From type classes instances to dictionary constructors

-- instance Eq Bool
dBool = DictEqVal (\x -> \y -> case (x,y) of
                                     (True,True) -> True
                                     (False,False) -> True
                                     _ -> False)

-- instance Eq t => Eq (List t)
dictEqList :: DictEq t -> DictEq (List t)
dictEqList (DictEqVal eq) =
   DictEqVal (\x -> \y ->
               case (x,y) of
                 (Nil, Nil) -> True
                 (Cons x xs, Cons y ys) ->
                            (eq x y) &&
                            (unDict (dictEqList (DictEqVal eq))) xs ys
                 _ -> False)

Insert dictionaries

exMem = member True (Cons False Nil)

exMemDict= memberDict dBool True (Cons False Nil)


exMem2 = member (Cons True Nil) (Cons (Cons True Nil) Nil)

exMemDict2 = memberDict (dictEqList dBool) (Cons True Nil) (Cons (Cons True Nil) Nil)

Further reading

More details on the dictionary-passing translation can be found in the paper Type classes in Haskell.

Example - Regular expressions

Syntax

In EBNF Syntax:


r,s ::= x | y | z | ...         Symbols aka letters taken from a finite alphabet
    |  epsilon                  Empty word
    |  phi                      Empty language
    |  r + r                    Alternatives
    |  r . r                    Sequence aka concatenation
    |  r*                       Kleene star

u,v,w ::= epsilon               empty word
      |  w . w                  concatenation

Sigma denotes the finite set of alphabet symbols.

Regular expressions are popular formalism to specify (infinitely many) patterns of input.

For example,

 (open . (read + write)* . close)*

specifies the valid access patterns of a resource usage policy.

We assume that open, read, write, close are the primitive events (symbols) which will be recorded during a program run.

Haskell representation

data R = Phi
       | Epsilon
       | Sym Char
       | Alt R R
       | Conc R R
       | Star R deriving Eq

instance Show R where
  show Phi = "PHI"
  show Epsilon = ""
  show (Sym x) = [x]
  show (Alt r s) = "(" ++ show r ++  "+" ++ show s ++ ")"
  show (Conc r s) = "(" ++ show r ++  "." ++ show s ++ ")"
  show (Star s) = "(" ++ show s ++ ")" ++ "*"

Adding further operators

Option

opt :: R -> R
opt r = Alt r Epsilon

One or more iterations

kleenePlus :: R -> R
kleenePlus r = Conc r (Star r)

Simplifying regular expressions

We we wish to apply the following laws:

  1. epsilon . r = r

  2. r + r = r

simp :: R -> R
simp r = let s = simp2 r
         in if s == r then r
            else simp s
     where
        simp2 (Conc Epsilon r) = simp2 r
        simp2 (Conc r s) = Conc (simp2 r) (simp2 s)
        simp2 (Alt r s)
           | r == s    = simp2 r
           | otherwise = Alt (simp2 r) (simp2 s)
        simp2 (Star r) = Star $ simp2 r
        simp2 r = r

We exhaustively apply the two laws

We use a fixpoint construction because application of one law may enable the other law

Membership test

A bit of theory

L(r) denotes the set of words represented by the regular expression r.

Standard (denotational) formulation of L(r):

L(x) = { x }

L(epsilon) = { epsilon }

L(phi) = { }

L(r + s) = { w | w in L(r) or w in L(s) }

L(r . s) = { v . w | v in L(r) and w in L(s) }

L(r*) = { epsilon } cap { w_1 . ... . w_n | w_1, ..., w_n in L(r) and n >=1 }

Membership Test via Derivatives

The classical approach is to turn the regular expression into an automata (for example via the Thompson NFA construction).
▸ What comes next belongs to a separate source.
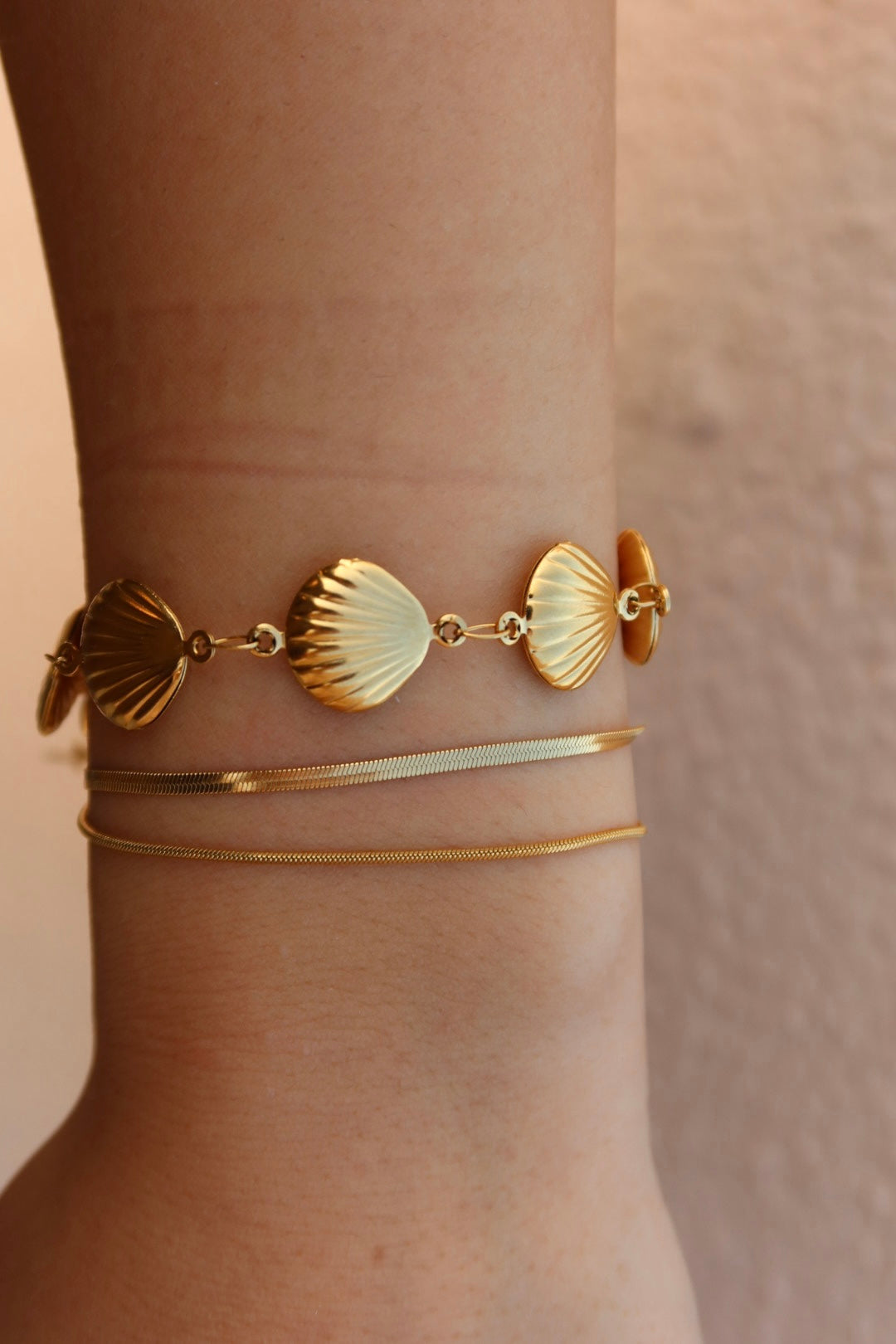 A delicate bracelet featuring golden clam shells linked together in a fluid chain. The textured ridges reflect soft light with every movement, creating a warm, sunlit glow on the wrist.

Here, we consider an alternative method based on Brzozowski https://en.wikipedia.org/wiki/Brzozowski_derivative. He introduced a symbolic method to construct an automata from a regular expression based on the concept of derivatives.
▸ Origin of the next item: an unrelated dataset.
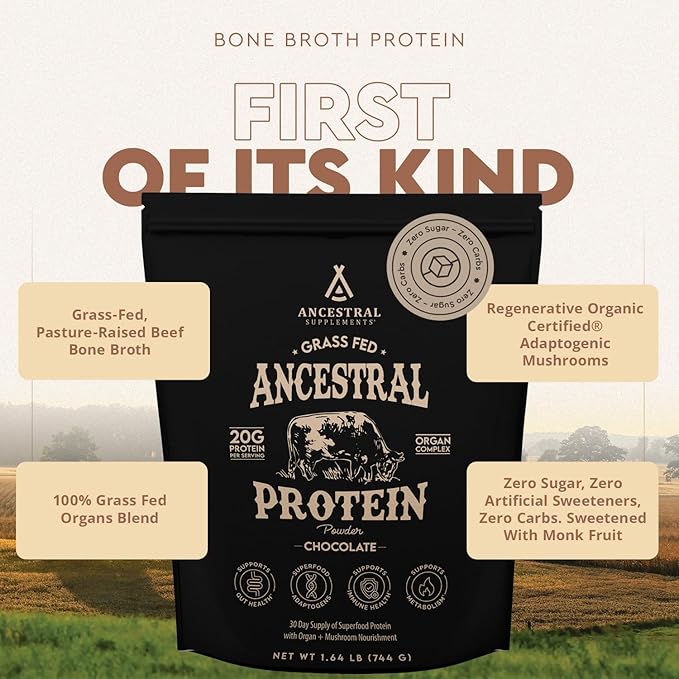 - SUPERFOOD POWDER: We've combined highly concentrated bone broth protein powder, organic mushrooms, and desiccated grass fed beef organs to provide you with Ancestral Protein Powder — a nutrient-dense protein source that helps fuel your body everyday.

Given some expression r and a symbol x, we obtain the derivative of r w.r.t. x, written d(r,x), by taking way the leading symbol x from r.

In semantic terms, d(r,x) can be described as follows:

L(d(r,x)) = x \ L(r)

Thus, it is easy to solve the word problem. Let w be a word consisting of symbols x1 . x2 .... xn-1 . xn.

Compute

d(r,x1) = r1
d(r1,x2) = r2
...
d(rn-1,xn) = rn

That is, we repeatidely build the derivative of r w.r.t symbols xi.

Check if the final expression rn is nullable. An expression s is nullable if epsilon in L(s).

Formalization

We write n(r) to denote the nullability test which yields a Boolean value (true/false).

n(x) where xi is a symbol never holds.

n(epsilon) always holds.

n(phi) never holds.

n(r + s) holds if n(r) holds or n(s) holds.

n(r . s) holds if n(r) holds and n(s) holds.

n(r*) always holds.

A similar approach (definition by structural recursion) works for the derivative operation.

We write d(r,x) to denote the derivative obtained by extracting the leading symbol x from expression r. For each derivative, we wish that the following holds: L(d(r,x)) = x \ L(r).

As in case of the nullability test, the derivative operation is defined by observing the structure of regular expression patterns. Instead of a Boolean value, we yield another expression (the derivative).

d(x,y) =   either epsilon if x == y or phi otherwise

d(epsilon,y) = phi

d(phi,y)     = phi

d(r + s, y)  = d(r,y) + d(s,y)

d(r . s, y)  =  if n(r)
                then d(r,y) . s +  d(s,y)
                else d(r,y) . s

d(r*, y)     = d(r,y) . r*

Let’s consider some examples to understand the workings of the derivative and nullability function.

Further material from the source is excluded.